To see exactly which of your pages is ranking for that keyword, just click on it. Try to identify all the keywords that you’re ranking for in positions 4 through 13.

After you have a list of keywords and their corresponding pages, use your keyword research tool (Ahrefs, Moz, SEMrush, etc.) to figure out the monthly search volume, keyword difficulty and, most importantly, what sites stand between you and position 1 for that spot.

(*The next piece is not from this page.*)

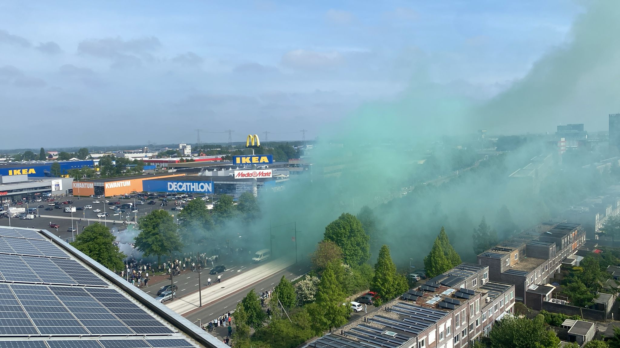 Veel terrassen zaten vrijdagmiddag vol met supporters van de FC, in de aanloop naar het duel met Roda JC (de directe promotieconcurrent) in de Euroborg. Rond het middaguur ging het goud-geel al bij veel fans naar binnen. Op sommige plekken ging ook al de eerste groene rookpot aan.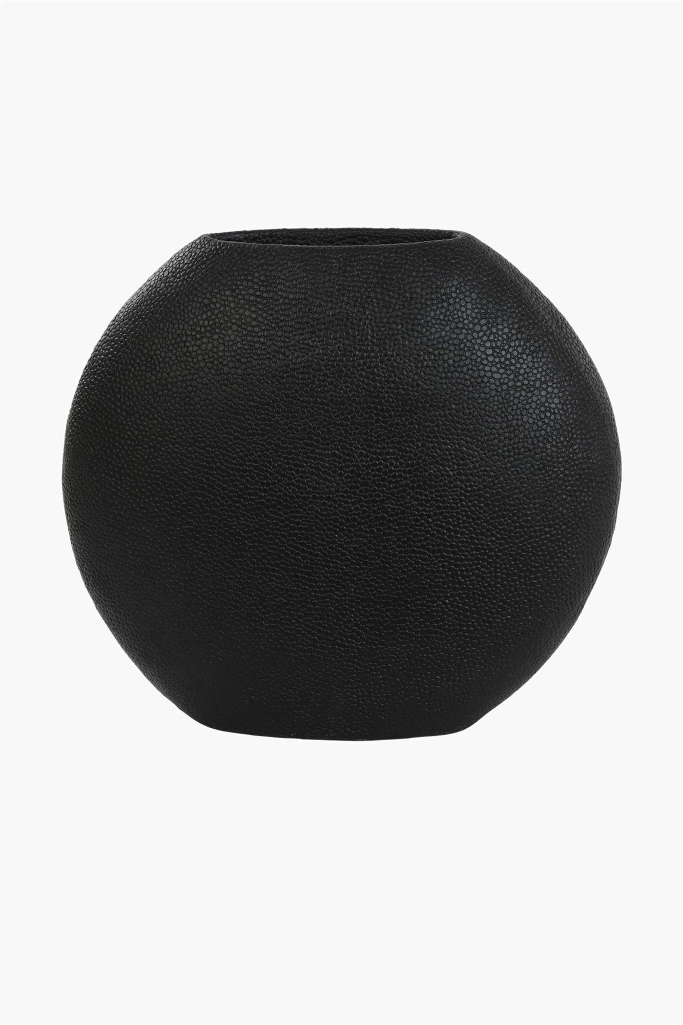 Декоративная ваза Rayskin - это плоская ваза красивой круглой формы. Эта ваза имеет роскошный матовый черный цвет и поэтому подходит для любого стиля интерьера. В узкое отверстие сверху помещается всего несколько веточек или перьев, но именно это делает вазу такой завершенной. Если наполнить эту вазу небольшим количеством искусственных цветов, создастся ощущение "меньше - больше"! Выберите красочное наполнение для этой черной вазы и поставьте вазу на подоконник или на приставной столик. Вазу легко держать в руках, а благодаря нейтральному пластиковому основанию она впишется в любой интерьер. Но не стоит заблуждаться, эта ваза имеет красивую пятнистую поверхность, благодаря которой ваза будет выделяться, где бы вы ее ни разместили. Размер: 40 x 14 x 36

Monthly search volume is important because it will help you estimate how many clicks your page stands to gain if you improve its position in search engine results. As you can see, the higher the position in search, the better the chances of getting clicks:

Your goal is to figure out if the time and effort you’ll put into the re-optimization will be worth the increase in clicks. That depends on the number of times that keyword is actually searched. Jumping from position 5 to position 2 for a keyword that only has a search volume of 10, for instance, might earn you a few more clicks each month. So it probably isn’t worth the effort.

As a general rule, if you estimate that you stand to increase clicks by 50 or more, go for it.

You also need to be mindful of the pages that you’re trying to supplant. Pay attention to the Domain Authority and Page Authority (sometimes called authority score) of those pages. If those competitors’ DA and PA are much higher than your own, you’ll have a tough – though not impossible – time ousting them.

Once you’ve found the keyword you want to target, it’s time to figure out exactly what you can do to enhance your on-page content so as to outrank the competition – and more specifically, what topics and subjects you should add to your existing page copy. We use a tool called MarketMuse to effectively automate this part of the process.

SEMrush’s “SEO Content Template” feature can also be handy for showing you secondary (aka, “semantic”) keywords to reference in the content.

Finally, you can begin adjusting your content to try to improve its chances of ranking higher.

The initial process of identifying which queries and pages to target can be a bit tedious. However, it will help you identify dozens of keywords that you’re already ranking for, and then improve those rankings without having to create an entirely new piece of content.

A final thought: Think flexibly

It may hurt to hear, but if you’re the type of person who likes a highly predictable day, marketing may not be right for you – especially not right now.

I say this as someone who has learned more about digital marketing in the past 3 months than in the past 3 years – largely out of necessity.

The simple truth is that flexibility and willingness to adapt are the only ways to get through the ebbs and flows of the next 6 months – both individually and as a department or company.

And who knows. Maybe the worst is in fact behind us. I certainly hope so.

But if you take the time now to nurture a more agile, responsive marketing program, it won’t matter, because you’ll be ready for just about anything.